From the Journals

Risk for severe COVID-19 and death plummets with Pfizer booster



The Pfizer/BioNTech booster lowers the risk for confirmed illness, severe illness, and death from COVID-19, according to two large studies from Israel published Dec. 8, 2021, in the New England Journal of Medicine.

Both studies were completed before the advent of the Omicron variant.

In one study that included data on more than 4 million patients, led by Yinon M. Bar-On, MSc, of the Weizmann Institute of Science in Rehovot, Israel, the rate of confirmed SARS-CoV-2 infection was lower in the booster group than in the nonbooster group by a factor of about 10.

This was true across all five age groups studied (range among the groups [starting with age 16], 9.0-17.2).

The risk for severe COVID-19 in the primary analysis decreased in the booster group by a factor of 17.9 (95% confidence interval, 15.1-21.2), among those aged 60 years or older. Risk for severe illness in those ages 40-59 was lower by a factor of 21.7 (95% CI, 10.6-44.2).
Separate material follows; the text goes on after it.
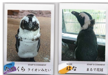
秘蔵コレクション (イメージ)

本イベントでは、当館で暮らすケープペンギンの「換羽」にフォーカスし、個性豊かな姿とあわせて、いきものの個性や生態の特徴をお伝えします。「ペンギン」エリアの壁面に飼育スタッフが撮影した今年の換羽のようすをとらえた写真を掲示するほか、これまでに公式 SNS にも投稿していない写真などを秘蔵コレクションとして公開します。また、飼育スタッフがペンギンと日々触れ合うなかで遭遇した換羽にまつわるエピソードを愛情あふれる手書きの4コマ漫画でご紹介します。

Among the 60 and older age group, risk for death was also reduced by a factor of 14.7 (95% CI, 10.0-21.4).

Researchers analyzed data for the period from July 30 to Oct. 10, 2021, from the Israel Ministry of Health database on 4.69 million people at least 16 years old who had received two Pfizer doses at least 5 months earlier.
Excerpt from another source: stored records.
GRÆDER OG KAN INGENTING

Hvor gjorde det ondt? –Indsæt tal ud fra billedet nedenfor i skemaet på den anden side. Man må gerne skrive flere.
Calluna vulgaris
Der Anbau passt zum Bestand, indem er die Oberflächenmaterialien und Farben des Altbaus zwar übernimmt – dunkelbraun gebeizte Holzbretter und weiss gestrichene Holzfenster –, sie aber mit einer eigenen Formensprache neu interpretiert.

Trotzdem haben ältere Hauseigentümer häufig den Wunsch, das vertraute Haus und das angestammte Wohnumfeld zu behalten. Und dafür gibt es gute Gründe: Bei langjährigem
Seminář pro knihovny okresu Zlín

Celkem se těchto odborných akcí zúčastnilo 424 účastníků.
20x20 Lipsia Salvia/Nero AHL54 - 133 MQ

In the main analysis, the researchers compared the rates of confirmed COVID-19, severe disease, and death among those who had gotten a booster at least 12 days earlier with the rates in a nonbooster group.

The authors wrote: “Booster vaccination programs may provide a way to control transmission without costly social-distancing measures and quarantines. Our findings provide evidence for the short-term effectiveness of the booster dose against the currently dominant Delta variant in persons 16 years of age or older.”

Death risk down by 90%

A second study, led by Ronen Arbel, PhD, with the community medical services division, Clalit Health Services (CHS), Tel Aviv, which included more than 800,000 participants, also found mortality risk was greatly reduced among those who received the booster compared with those who didn’t get the booster.
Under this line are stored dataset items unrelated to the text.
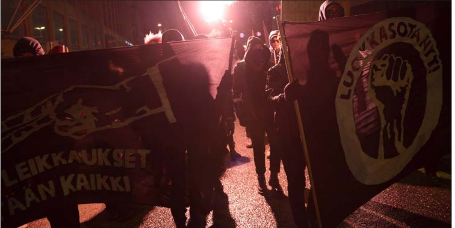
Kuvassa vasemmistoanarkistien Luokkaretki lähiöst linnan -mielenosoitus itsenäisyyspäivänä 2014.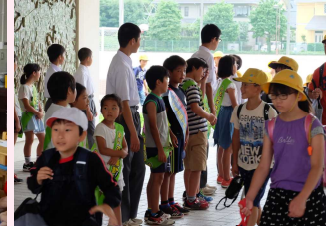
小中交流あいさつ運動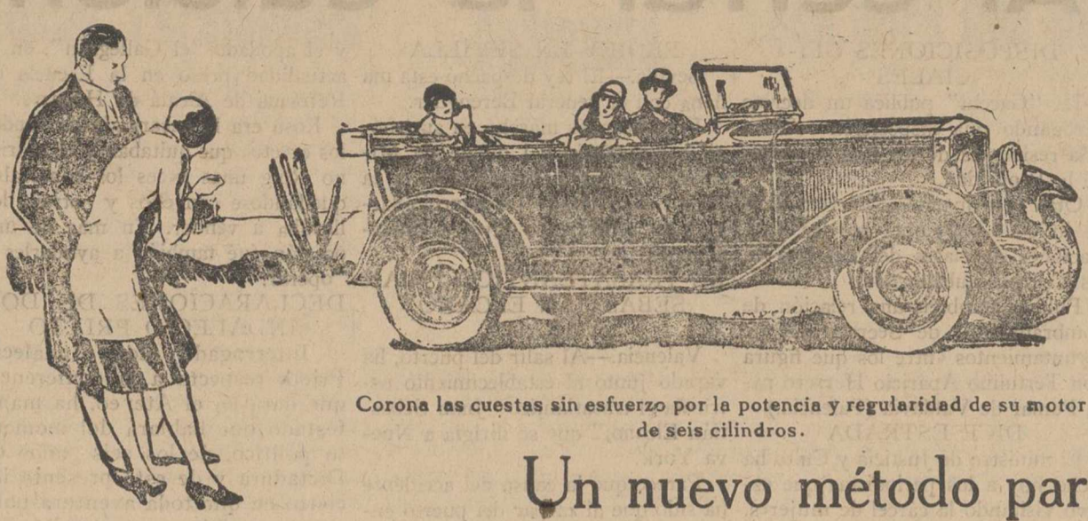
Corona las cuestas sin esfuerzo por la potencia y regularidad de su motor de seis cilindros.

NITRATO DE CHILE 15 a 16 por 100 de Nitrógeno Nítrico Producto natural que no acidifica las tierras ni quema las manos. SUS RESULTADOS INMEJORABLES: 1.º Se venden sin necesidad de pesar ni medir. 2.º Tiene un siglo de garantía de éxito en todos los suelos y cultivos de España. ADEMAS CONTIENE YODO INFORMES GRATIS Comité del Nitrato de Chile BARQUILLO, 21.—MADRID.—APARTADO, 6

Participants aged 50 years or older who received a booster at least 5 months after a second Pfizer dose had 90% lower mortality risk because of COVID-19 than participants who did not get the booster.

The adjusted hazard ratio for death as a result of COVID-19 in the booster group, as compared with the nonbooster group, was 0.10 (95% CI, 0.07-0.14; P < .001). Of the 843,208 eligible participants, 758,118 (90%) received the booster during the 54-day study period.

The study included all CHS members who were aged 50 years or older on the study start date and had received two Pfizer doses at least 5 months earlier. CHS covers about 52% of the Israeli population and is the largest of four health care organizations in Israel that provide mandatory health care.

The authors noted that, although the study period was only 54 days (Aug. 6–Sept. 29), during that time “the incidence of COVID-19 in Israel was one of the highest in the world.”

The authors of both original articles pointed out that the studies are limited by short time periods and that longer-term studies are needed to see how the booster shots stand up to known and future variants, such as Omicron.

None of the authors involved in both studies reported relevant financial relationships.